• COLLECTED DATA:

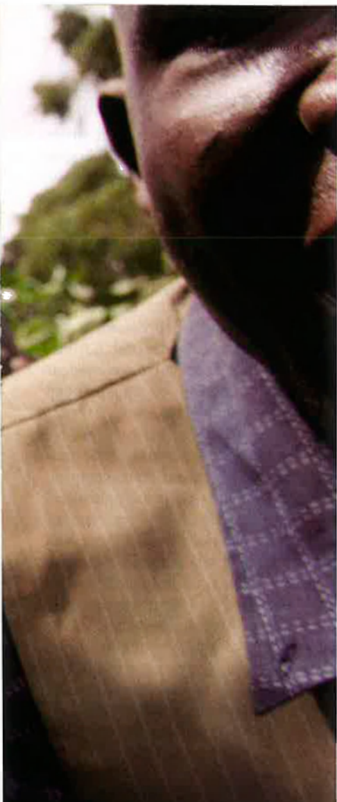
Un grup de seguidors de l'oposició mostren una fotografia del seu líder, Raila Odinga, al barri de Kibera, a Nairobi, la capital de Kenya, durant les protestes desfermades després de les eleccions del mes passat.

obtenir les reformes que havien estat promeses repetidament.
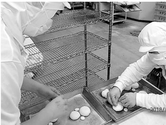
ゆきだるまパン製作中。

「物語のあるパン屋」のカナン牧場に、今日も新たな物語を加え、これからもみんなで手を取り合い、限定パンのコンセプトでもある「遊び心」も

• WORK TO COMPLETE:
Retype everything in the material word for word, minus pictures.

• ANSWER TO THE EXERCISE:
Un grup de seguidors de l'oposició mostren una fotografia del seu líder, Raila Odinga, al barri de Kibera, a Nairobi, la capital de Kenya, durant les protestes desfermades després de les eleccions del mes passat.

obtenir les reformes que havien estat promeses repetidament.
ゆきだるまパン製作中。

「物語のあるパン屋」のカナン牧場に、今日も新たな物語を加え、これからもみんなで手を取り合い、限定パンのコンセプトでもある「遊び心」も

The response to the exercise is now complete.